Apa yang Akan Terjadi Sesudah Tiongkok Memerintahkan Likuidasi Evergrande?

Selasa, 30 Jan 2024, 00:16 WIB

HONG KONG - Pengadilan Hong Kong pada hari Senin (29/1), memerintahkan likuidasi terhadap China Evergrande, pengembang dengan hutang paling tinggi di dunia.

Langkah ini dapat memberikan kejutan pada pasar modal dan properti Tiongkok yang sudah rapuh. Proses seperti ini bisa jadi rumit, dan berpotensi menimbulkan pertimbangan politis, mengingat banyaknya pihak berwenang yang terlibat.

Ket. Foto: Logo Evergrande di Nankin, beberapa waktu lalu. — Sumber: istimewa

Dikutip dari Reuters, setelah perintah likuidasi dikeluarkan, akan ditunjuk likuidator sementara dan kemudian likuidator resmi, untuk mengambil kendali dan bersiap menjual aset pengembang untuk melunasi utangnya.

Likuidator dapat mengusulkan rencana restrukturisasi utang baru kepada kreditor luar negeri yang memiliki utang sebesar 23 miliar dolar AS di Evergrande jika mereka menentukan perusahaan tersebut memiliki cukup aset atau jika investor ksatria putih muncul.
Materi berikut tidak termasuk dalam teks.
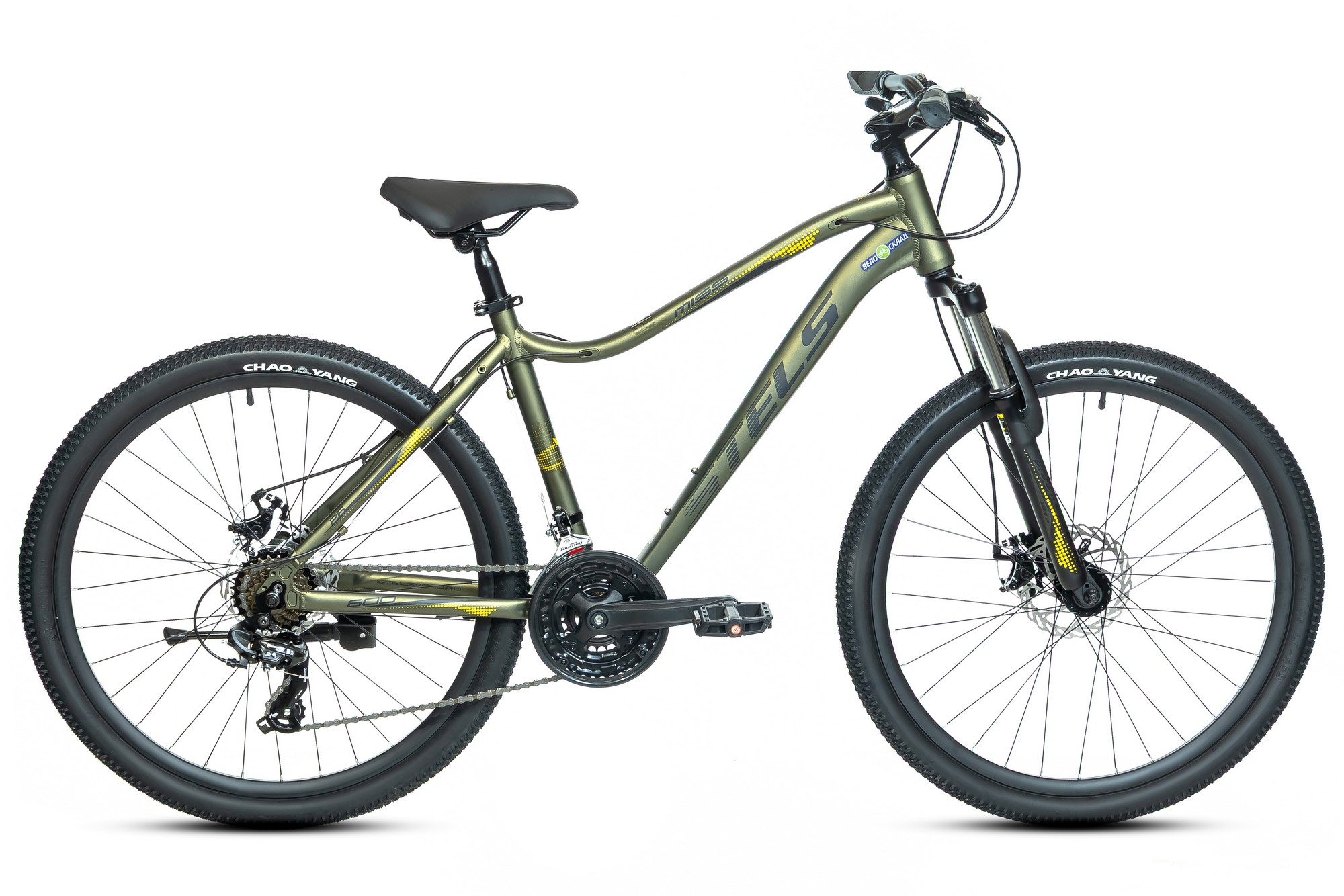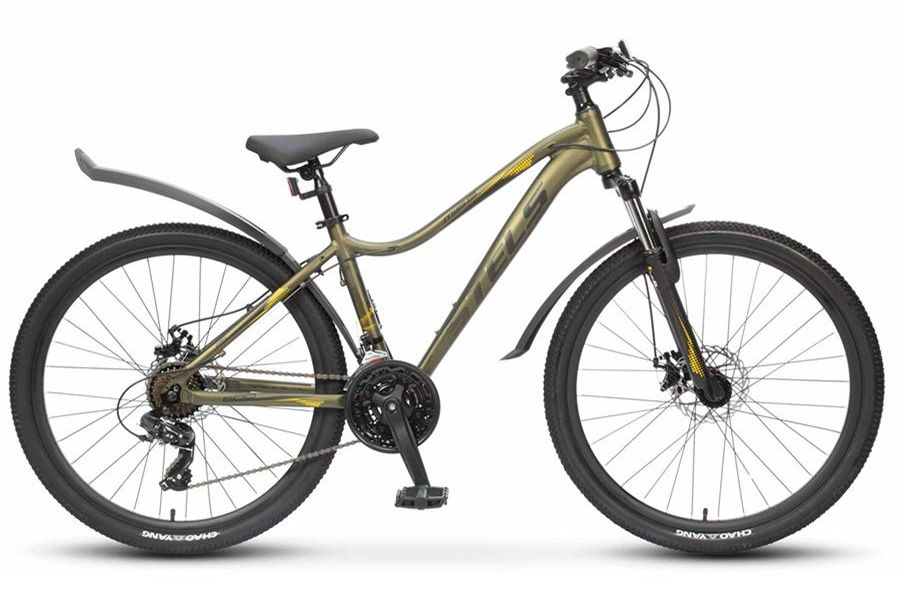 Женский горный велосипед с навесным оборудованием Shimano, 21 скорость. Технические особенности: легкая алюминиевая рама (открытая проводка, кареточный стакан BSA, прямой рулевой стакан, съемный петух), амортизационная вилка (пружинно-эластомерная, ход 60 мм, крепление калипера IS), двойные алюминиевые обода (под AV ниппель), дисковые механические тормоза (роторы 160/160 мм), защита цепи, катафоты, подножка. Подходит для прогулочного катания в городских условиях и по несложным маршрутам в лесу. Диаметр колес - 26 дюймов. Вес - 15,38 кг.

Mereka juga akan menyelidiki urusan perusahaan dan dapat merujuk setiap dugaan pelanggaran yang dilakukan direktur perusahaan kepada jaksa Hong Kong.

Evergrande dapat mengajukan banding atas perintah likuidasi, namun proses likuidasi akan dilanjutkan sambil menunggu banding.

Saham Evergrande dan anak perusahaannya yang terdaftar ditangguhkan dari perdagangan setelah perintah likuidasi. Aturan pencatatan mengharuskan perusahaan untuk menunjukkan struktur bisnis dengan operasi dan nilai aset yang memadai.

Evergrande mengutip analisis Deloitte selama sidang pengadilan Hong Kong pada bulan Juli yang memperkirakan tingkat pemulihan sebesar 3,4 persen jika pengembangnya dilikuidasi.

Namun, setelah Evergrande mengatakan pada bulan September bahwa unit andalannya dan ketuanya, Hui Ka Yan, sedang diselidiki oleh pihak berwenang atas kejahatan yang tidak ditentukan, kreditor kini memperkirakan tingkat pemulihan kurang dari 3 persen.

Obligasi dolar Evergrande ditawar sekitar satu sen terhadap dolar pada hari Jumat.

Sebagian besar aset Evergrande telah dijual atau disita oleh kreditor, tersisa dua unitnya yang tercatat di Hong Kong, Evergrande Property Services Group, dan Evergrande New Energy Vehicle Group. Kapitalisasi pasar gabungan mereka telah turun menjadi 973 juta dollar AS pada hari Jumat.

Seorang likuidator dapat menjual kepemilikan Evergrande di dua unit tersebut meskipun mungkin sulit menemukan pembeli.

Setelah likuidasi, likuidator dapat mengambil kendali atas anak perusahaan Evergrande di seluruh daratan Tiongkok dengan mengganti perwakilan hukum mereka satu per satu, sebuah proses yang dapat memakan waktu berbulan-bulan atau bertahun-tahun.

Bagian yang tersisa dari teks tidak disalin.